Chip Promises AI Performance in Games
Heartless Gamer writes to mention an Ars Technica article about a dedicated processor for AI performance in games. The product, from a company called AIseek, seeks to do for NPC performance what the PhysX processor does for in-game physics. From the article: "AIseek will offer an SDK for developers that will enable their titles to take advantage of the Intia AI accelerator. According to the company, Intia works by accelerating low-level AI tasks up to 200 times compared to a CPU doing the work on its own. With the acceleration, NPCs will be better at tasks like terrain analysis, line-of-sight sensory simulation, path finding, and even simple movement. In fact, AIseek guarantees that with its coprocessor NPCs will always be able to find the optimal path in any title using the processor." Is this the 'way of the future' for PC titles? Will games powered by specific pieces of hardware become the norm?
I think that AI and physics co-processors have a better future as part of the CPU, rather than an add-in board. Perhaps as additional core(s) on an AMD processor, with full access and feedback to the CPU proper?
The cesspool just got a check and balance.

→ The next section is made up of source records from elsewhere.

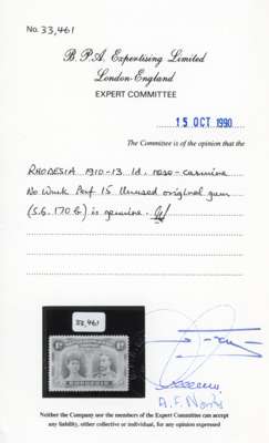 1910-13 1d rose-carmine ‘Double Heads’, perf 15, fresh and fine, o.g. BPA cert (1990). SG 170b, cat £350
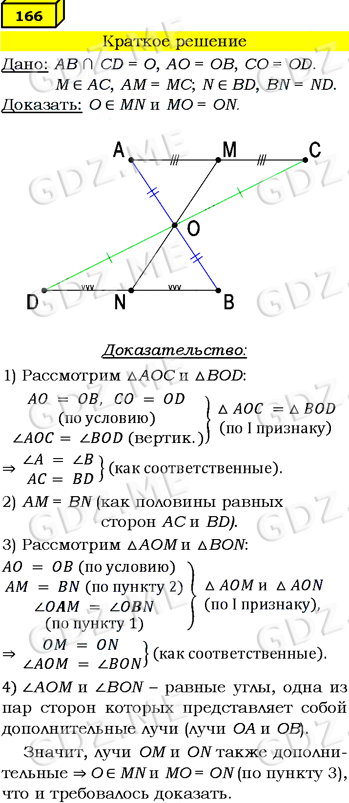 ГДЗ по Геометрии 7-9 класс: Атанасян Л.С. 2013 год.. Ответ на Номер номер 166 (НОМЕРА РЕШЕНИЙ)
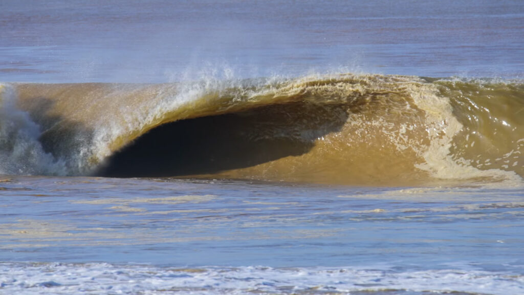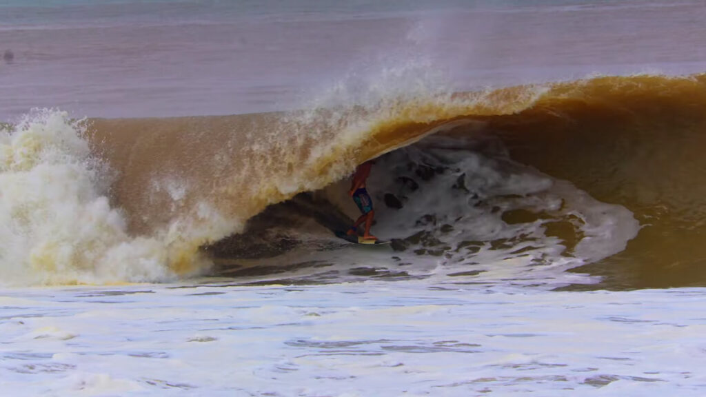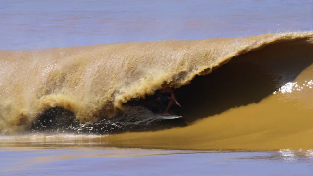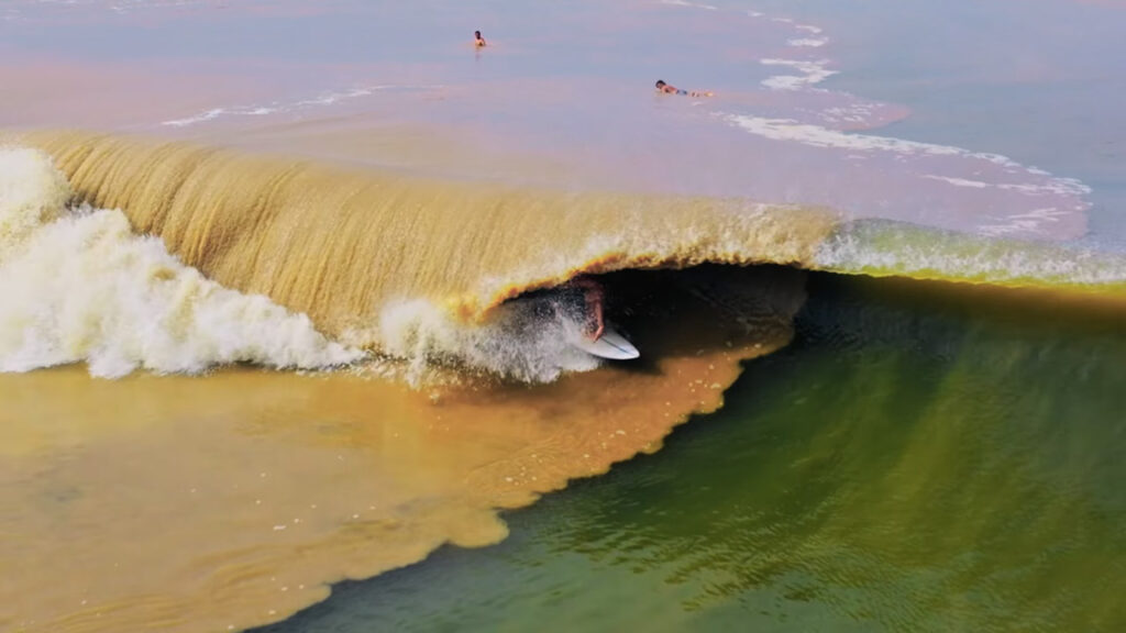 Si Wonka fabriquait une vague, elle ressemblerait certainement à ça : des tubes qui déroulent à toute allure dans une fontaine à chocolat. Sebastian Williams, Christian Corzo, les frères Donnanno et une poignée d’autres surfeurs mexicains étaient invités à l’inauguration organisée après une forte pluie. Ils en sont reparti repus de visions chocolatées, heureux de ne pas avoir trop bu la tasse, et satisfait de ne pas avoir croisé les crocodiles qui peuplent habituellement les lieux…
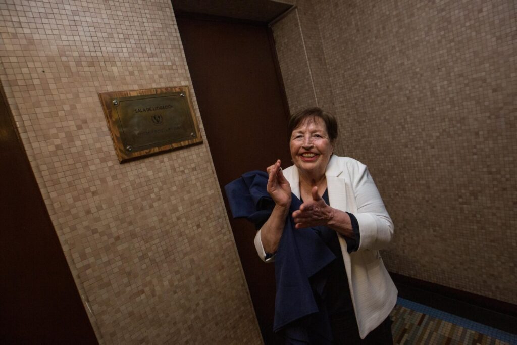 Finalizada la actividad, los asistentes se dirigieron a la Sala de Litigación -ubicada en el primer piso de la Escuela- para descubrir la placa que la denomina con el nombre de “Susana Bontá Medina”, en una emotiva instancia donde participaron las autoridades de la Facultad de Derecho, integrantes del cuerpo académico de Derecho UV e invitados especiales.
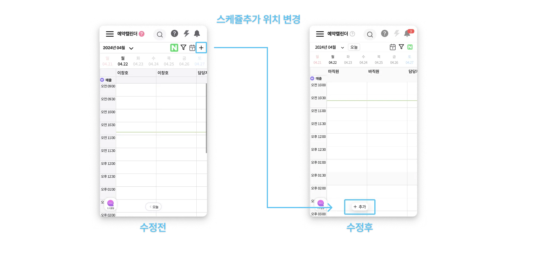모바일 일정생성 아이콘의 위치가 변경되었습니다.
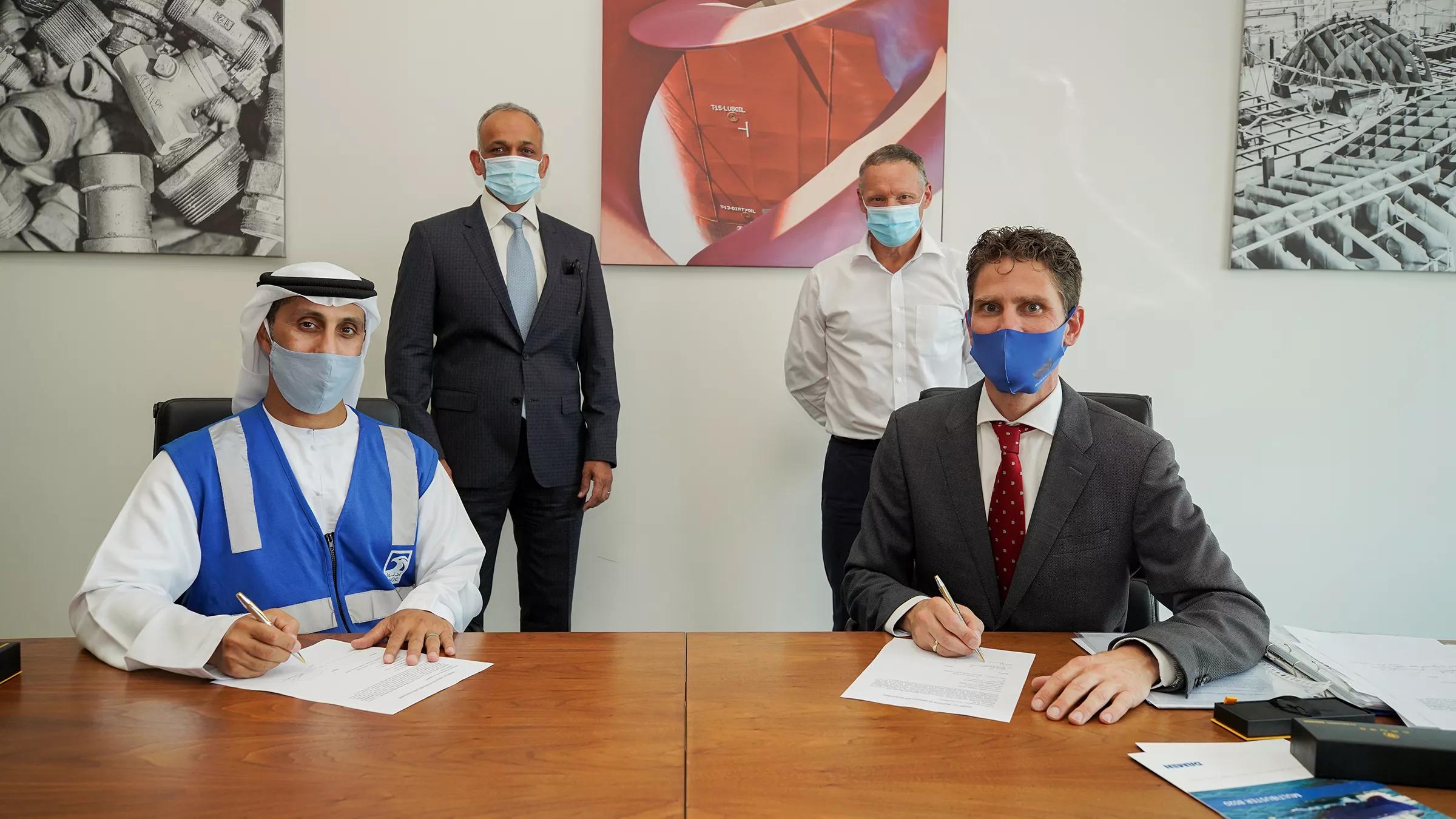 Mr. Khalfan Al Ali, Manager (Marine Projects (OMS), ADNOC); Mr. Vivek Seth (Senior Vice President, Marine Services, ADNOC); Mr. Lars Seistrup (Managing Director Albwardy Damen); Mr. Pascal Slingerland (Regional Sales Director Damen Shipyards)
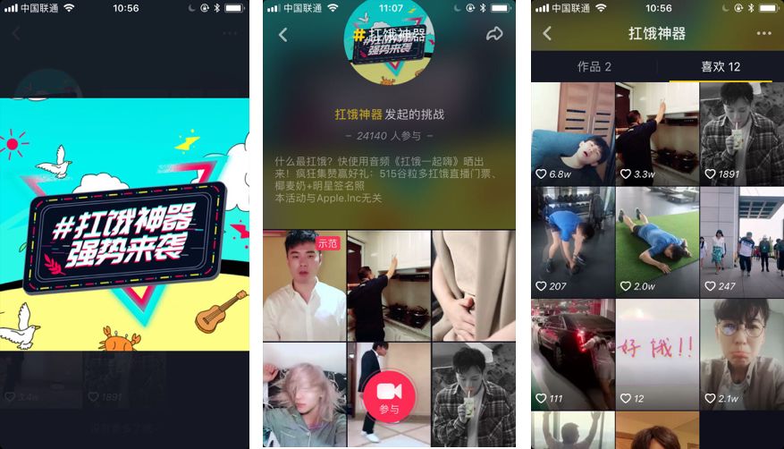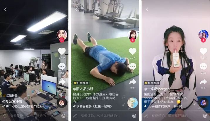 抖音上开展的“扛饿神器”魔性生动的音乐和众多明星达人在不同场合的搞笑动作,配上集赞赢好礼和直播门票等大礼等,都让“扛饿神器”得以在年轻消费者中广泛传播。目前,已有数万抖音用户参与#扛饿神器#挑战活动,进一步夯实了谷粒多扛饿大品牌和扛饿神器的地位。
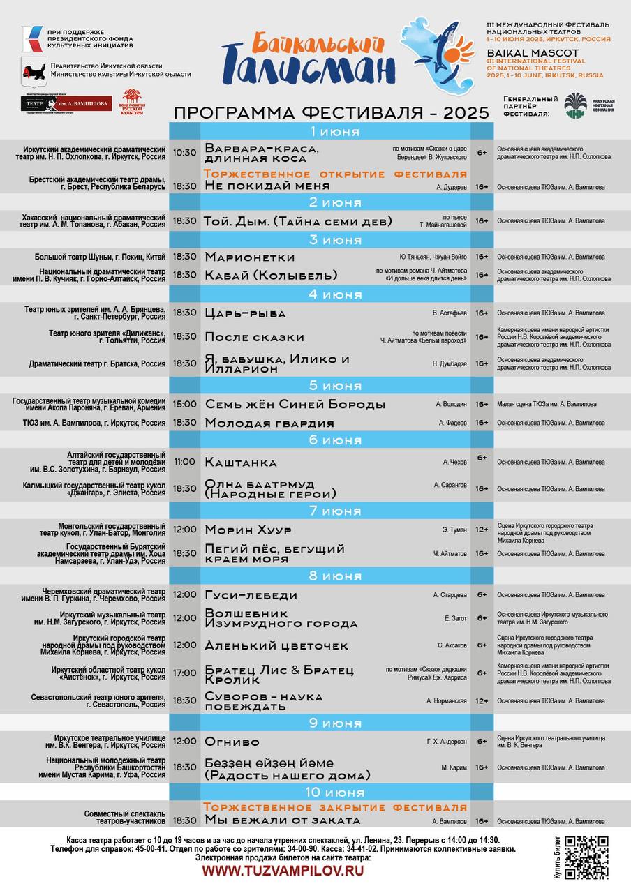 Организаторы III Международного фестиваля национальных театров «Байкальский талисман» опубликовали репертуар события.

Um, computers have multiple cores. Unless I am on drugs, I don't think games are using the extra core(s) as much as they could, if at all. How about making one core in a dual core processor do the AI calculations, and the other core do the "main" stuff? Since cores are only going to increase, this seems logical to me. It's not like any kind of card you plug into your computer would ever be accepted by the market/developers.